Applied Math Seminar – Dr. Ziyao Xu

Speaker: Dr. Ziyao Xu,Robert and Sara Lumpkins Postdoctoral Research Associate, University of Notre Dame

Date: Friday, November 15, 2024, 4:15 – 5:15 PM

Location: Science Engineering Hall (SCEN 404) in-person.
If you wish to receive the Zoom link, please contact Dr. Chen Liu

Title: A well-balanced conservative high-order alternative finite difference WENO (A-WENO) method for hyperbolic balance laws

Abstract:
In this work, we develop a well-balanced, conservative, high-order finite difference WENO method for hyperbolic balance laws. Our approach exactly preserves the moving-water equilibria of the shallow water equations with non-flat bottom topography and, more generally, any steady state of hyperbolic equations characterized by constant equilibrium variables.
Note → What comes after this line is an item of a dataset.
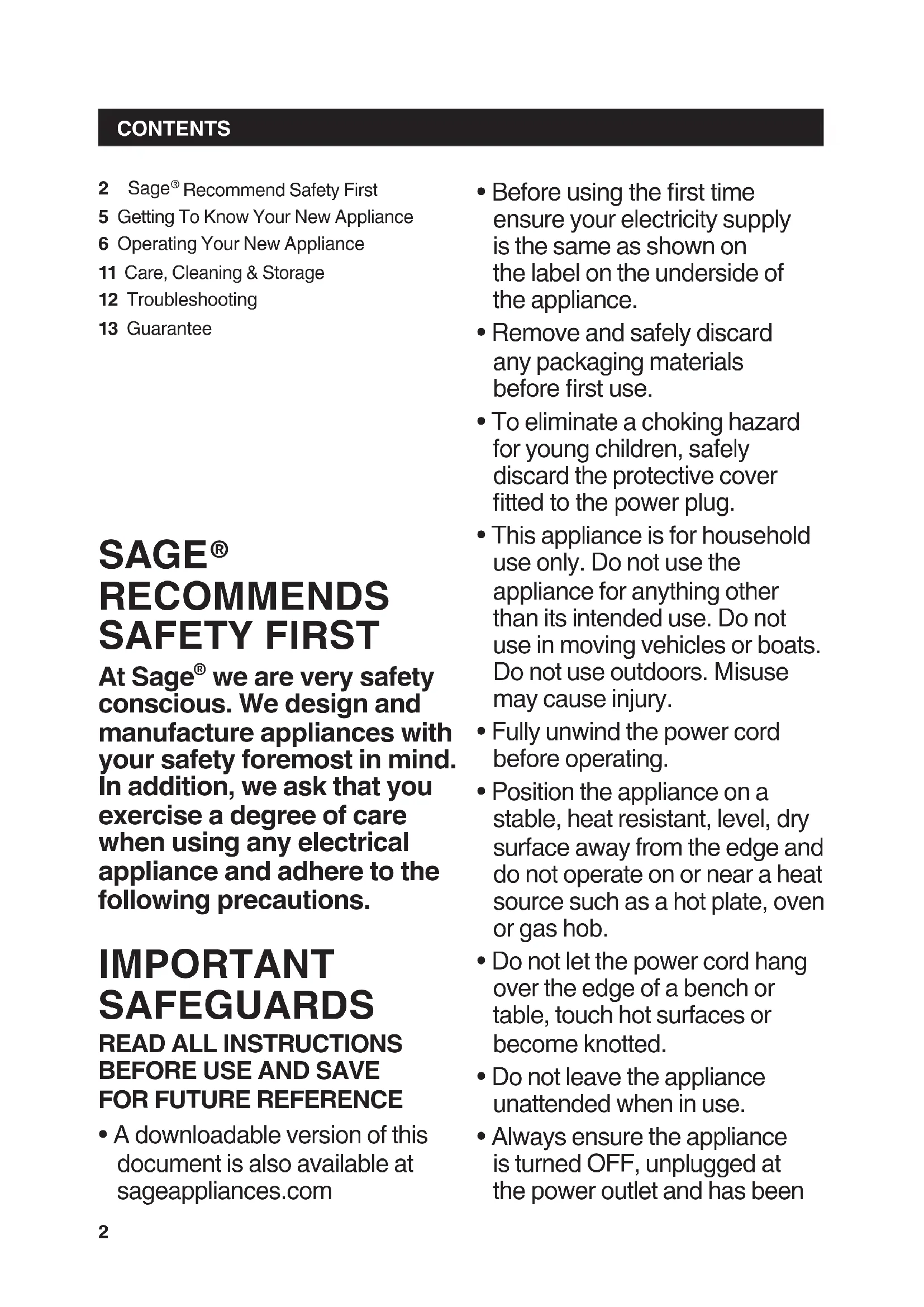 At Sage® we are very safety conscious. We design and manufacture appliances with your safety foremost in mind. In addition, we ask that you exercise a degree of care when using any electrical appliance and adhere to the following precautions.

The proposed method consists of two key components. First, we reformulate the source terms in the balance laws into a flux-gradient form and discretize them using the same numerical flux as the true flux gradient to achieve the well-balanced property. Second, we reconstruct the equilibrium variables, which remain constant at steady state. To achieve high-order accuracy and avoid truncation errors when obtaining equilibrium variables, we build our scheme within the alternative finite difference WENO (A-WENO) framework, which operates on point values rather than cell averages. Special attention is given to ensure that the conservation property is not compromised when designing well-balanced discretizations for the source terms. We carefully analyze potential causes of non- conservative schemes in the discretization and explain why the discretized source term in our method is both conservative and simple. Extensive numerical tests are presented to validate the performance of the proposed method.